The notation had pre-conditions and post-conditions. I think this is the only way there is to talk seriously about program correctors and to build programs with a precise specification in mind. This was also connected to my work at the University of California Santa Barbara. I was teaching data structures and algorithms and it was very difficult to teach the topic without introducing notions of program correctness. So I also needed the notation in a way that I could use for that course, I had to use C which was absurd because C is not appropriate for this kind of teaching, so I developed code to create the algorithms before translating that into C for my students; that notation is also part of what eventually became Eiffel.

RM:

How do you feel about C++ having become more widely used than Eiffel?

BM:

Well it was a very clever make to C++ available to ordinary programmers and to their managers, because if you go back to the 1980s when Object Oriented programming exploded in use, it was still a very new function and people were scared of it. The original ideas were actually a bit rough and ready.

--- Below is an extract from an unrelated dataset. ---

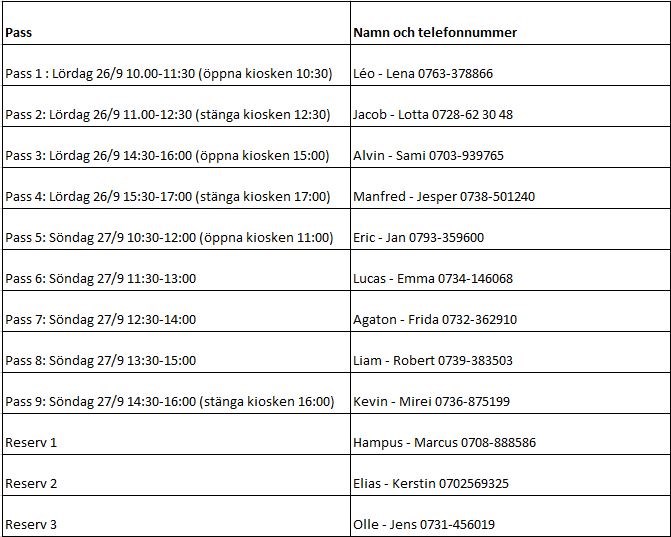 Kioskschema för V39 2020. Om man inte kan får man byta med någon annan

People thought it was something very strange which was going to disrupt all their practices, cost a lot of money and make all their current software obsolete and so on. It was a really clever move to tell people well, you can have object-oriented programming and C at the same time; you can keep everything that you have in C, in particular you can keep your property, the training of your programmers and the programmers themselves.

In this respect it was very useful and we considered that it was a stepping stone – a trade-off between two quite different worlds of C programming and the world of object-oriented programming, to have software like this it could only be a temporary step towards the full benefits of object-orientation, but it turned out to be much more successful than that.

I should also say that in terms of combining C with orientation, it couldn’t be done better and though C++ is now the ideal combination of C++ and object-oriented content it is so complex, much more so that it should be because it tries to do so many things.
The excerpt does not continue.